The lack of statistical significance indicates that our study is underpowered to detect small-to-medium differences between methods. With only 75 to 112 valid evaluations per method, the study achieves approximately 30% power to detect a medium effect size of at . To achieve the conventional 80% power threshold, we would require approximately 250 evaluations per method, more than doubling the current sample. This limitation arises from two practical constraints. Expert validation presents a bottleneck because constructing gold standard ground-truth scenarios requires specialized domain expertise at the intersection of network security and regulatory interpretation, limiting the scale of the dataset we could produce within project resources.
We evaluate only ETSI EN 303 645, which has a specific ontological structure with 5 provisions and clear attack-class mappings. The findings may not generalize to other standards with different structural properties. IEC 62443 [
57] for industrial control systems contains over 300 detailed requirements organized in a hierarchical capability model, presenting scalability challenges for knowledge graph construction. NISTIR 8259A [
58] for IoT device manufacturers employs a different threat model emphasizing manufacturer responsibilities rather than device behaviors, potentially disrupting the attack-to-provision mappings we relied upon. PCI DSS for the payment card industry focuses on transactional security with time-based requirements, such as quarterly vulnerability scans, introducing temporal reasoning that our static graph does not capture.
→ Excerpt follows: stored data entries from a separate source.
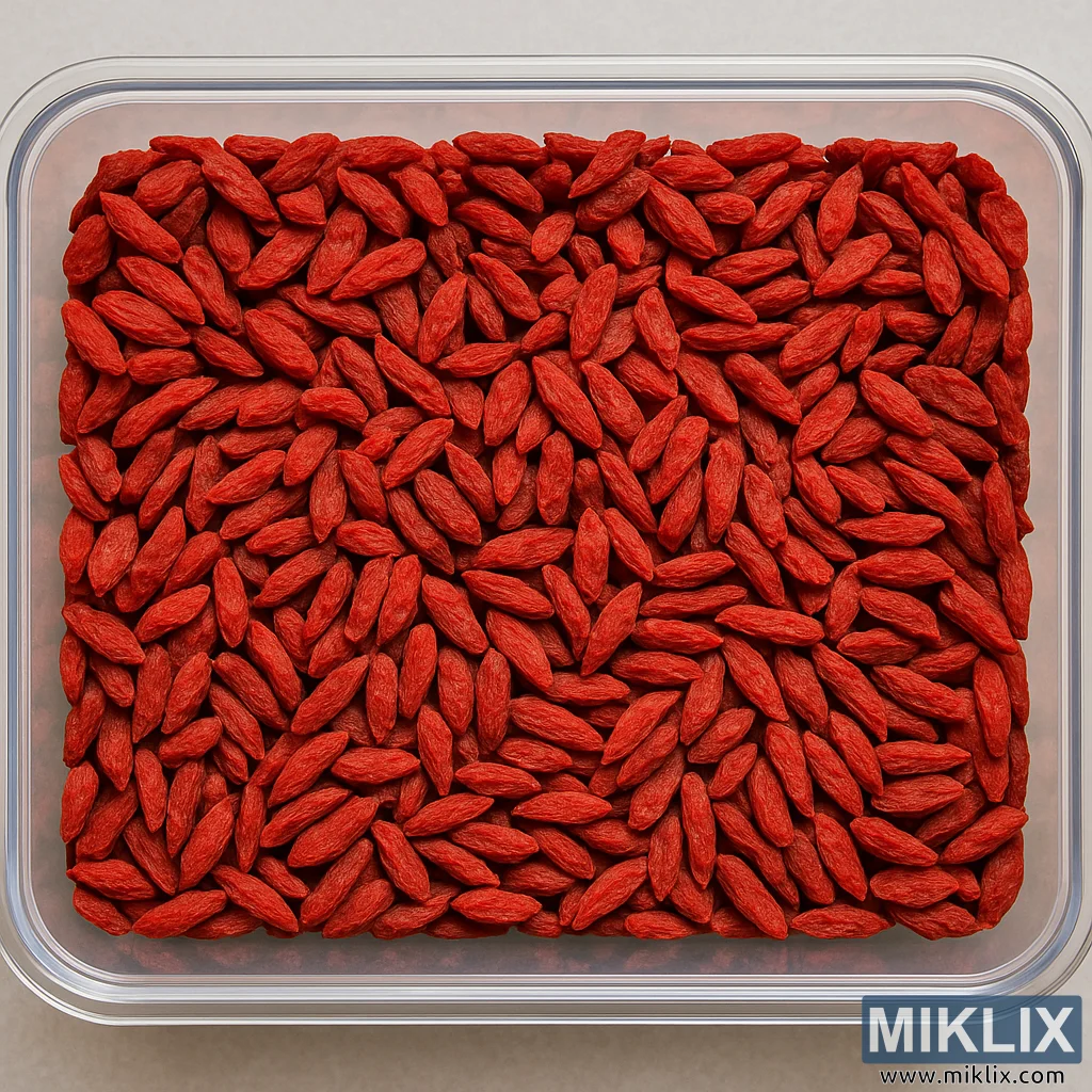 Aquesta fotografia d'alta resolució captura una col·lecció ordenada de baies de goji seques dins d'un recipient d'emmagatzematge de plàstic rectangular transparent. El recipient es veu des d'una perspectiva de dalt a baix, orientada al paisatge, oferint una vista completa de les baies densament compactades que omplen tot el marc. Cada baia de goji presenta la seva característica forma allargada i ovalada amb una pell lleugerament arrugada i coriàcia. La paleta de colors està dominada per tons vermells vibrants i naturals, que van des del carmesí intens fins a tons de maó lleugerament apagats, reflectint la variació orgànica típica de les baies seques. Les superfícies texturitzades de les baies mostren crestes i plecs subtils, evidència del procés d'assecat que preserva els seus nutrients i sabor concentrats. La il·luminació de la imatge és suau i distribuïda uniformement, eliminant les ombres dures i emfatitzant els contorns naturals i la profunditat del color de les baies. Les parets clares i les cantonades arrodonides del recipient afegeixen un element net i minimalista a la composició, proporcionant una sensació d'ordre i simplicitat moderna. El fons sota el recipient és neutre, probablement una superfície mat de color clar com el beix o el gris pàl·lid, garantint que el focus es mantingui únicament en el contingut vermell vibrant. L'enquadrament ajustat i la manca d'elements addicionals a l'escena donen a la imatge una precisió documental, adequada per a contextos culinaris, nutricionals o d'envasament. Aquesta presentació visual evoca frescor i qualitat, típiques de les fruites seques ben conservades a punt per al consum o l'exposició. La impressió general és de claredat, abundància i atractiu natural, amb cada detall visual, des de les fines arrugues de cada baia fins a la vora transparent de la caixa d'emmagatzematge, representat amb detalls nítids i realistes. La imatge podria servir fàcilment en contextos relacionats amb l'alimentació saludable, l'emmagatzematge d'aliments, els superaliments o els catàlegs d'ingredients, oferint una estètica neta i professional que destaca tant la simplicitat com la riquesa del tema. L'alta resolució permet als espectadors apreciar les qualitats tàctils de les baies de goji, convidant a una inspecció més detallada i reforçant la seva associació amb la salut i la vitalitat naturals.
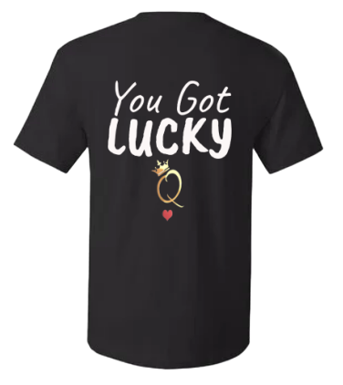Q -Logo Front & Back You Got Lucky T-Shirt - Black
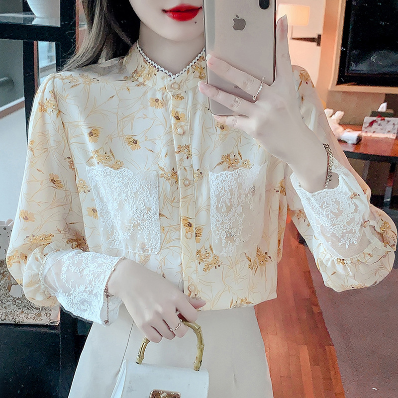 귀 가장자리 스탠드 칼라 작은 신선한 마이크로 기질 셔츠 가을 유행 투표 셔츠 여성
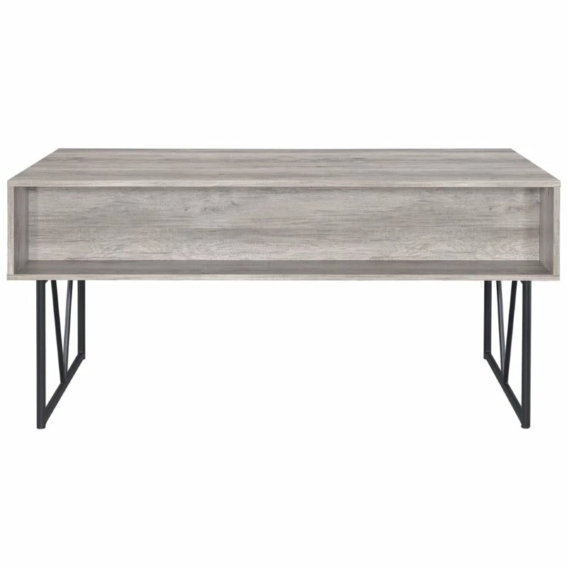 - Gray driftwood finish with sturdy metal base in black

Graph RAG’s advantage may be strongest for standards with clear ontological structure, which include entity-relationship hierarchies, and weaker for unstructured regulatory text lacking explicit semantic markup.
RAGAS relies on an LLM judge, specifically GPT-4o-mini in our implementation, to score faithfulness by decomposing answers into claims and verifying each against context. This introduces two sources of variability. Inter-judge reliability is unexamined because we used a single-judge model for all evaluations. Different judge models, such as Gemini or Claude, may score the same answer differently due to variations in instruction following and claim decomposition strategies, affecting absolute faithfulness scores.
While RAGAS Faithfulness employs LLM-based semantic entailment, which was originally designed for natural language corpora, its application remains valid in this context as the evaluation operates on the textual representation of network evidence rather than raw packet data. However, we acknowledge that domain-specific faithfulness metrics, capable of verifying claims against network protocol ground truth, represent a valuable direction for future work.